TORONTO’S HOME SALES FALL BY HALF IN OCTOBER

The number of homes sold in October in metro Toronto, Canada’s largest city, fell by 49.1 percent from a year earlier, with the number of homes for sale falling to a level last seen in 2020, the Toronto Regional Real Estate Board reported last week.

The average selling price of a house was $1,089,428, 5.7 percent less than a year ago.

Prices fell most among the highest-priced single-family homes. Prices for condominiums rose 1.8 percent, year on year.

Home prices have been edging down across Canada since the country’s central bank began raising its benchmark interest rate in March. 

“Obviously, there is still a lot of economic uncertainty,” board president Kevin Crigger said in comments quoted by the Associated Press.

However, “with new listings at or near historic lows,” home prices will remain near current levels instead of declining notably further, he predicted.

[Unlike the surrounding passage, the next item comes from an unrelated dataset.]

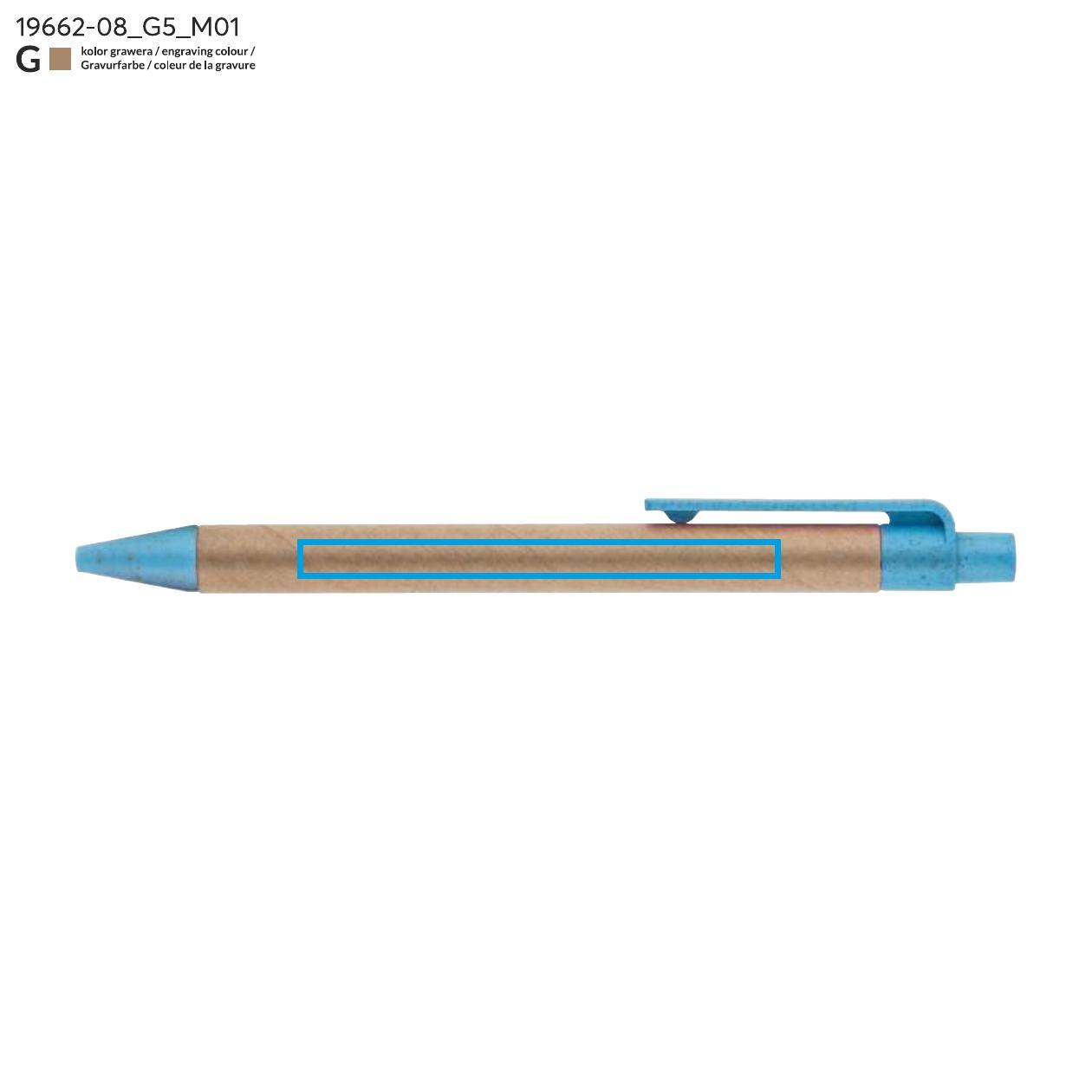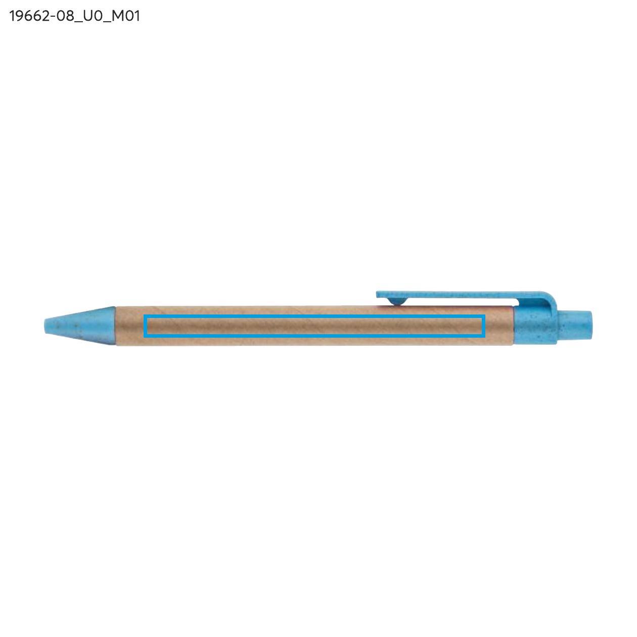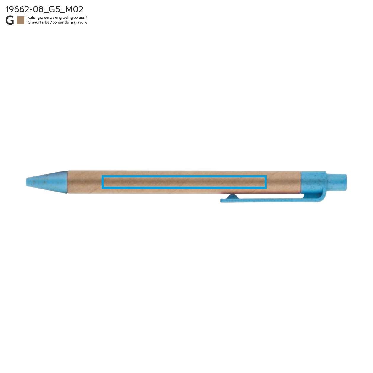 Długopis TIKO wykonany został z myślą o ponownym wykorzystaniu surowców. Jego korpus wykonany jest z papieru po recyklingu, a końcówki z tworzywa z domieszką słomy, która ogranicza ilość tworzywa sztucznego potrzebnego do produkcji. Prosty, ponadczasowy wzór. Długopis automatyczny. Wkład typu X20 w kolorze niebieskim.

TREND FORECAST: With the average selling price of a home in Canada already down more than 10 percent, we suggest the BoC rose rates only 50 basis points in late October to bring its benchmark policy

rate to 3.75 percent because of the critical recessionary pressures that lie ahead. 

And totally absent from business analysis reported by the mainstream media is the fact that the national, regional, state and city politicians who imposed strict COVID War draconian mandates on the nation for over two years are 100 percent responsible for inflationary pressures and the now declining economy.

And considering that residential real estate comprised 20 percent of Canada’s GDP in 2021, should interest rates continue to increase even at 50 basis point rates, the economy will quickly descend into recession.

TRENDPOST: As in the U.S., there are now two housing markets in Canada.

High-income earners and cash-rich households will have their pick of houses for sale, while modest- and middle-income prospective buyers – most of the population—will continue to be shut out of home ownership.

Also, according to BetterDwelling.com, nearly a third of residential credit outstanding is variable rate, with roughly half (53 percent) originating in the past year… which means the higher interest rates rise, the more the borrower has to pay. 

In the U.S., only about 10 percent of all mortgages are now adjustable rate mortgages (ARMs).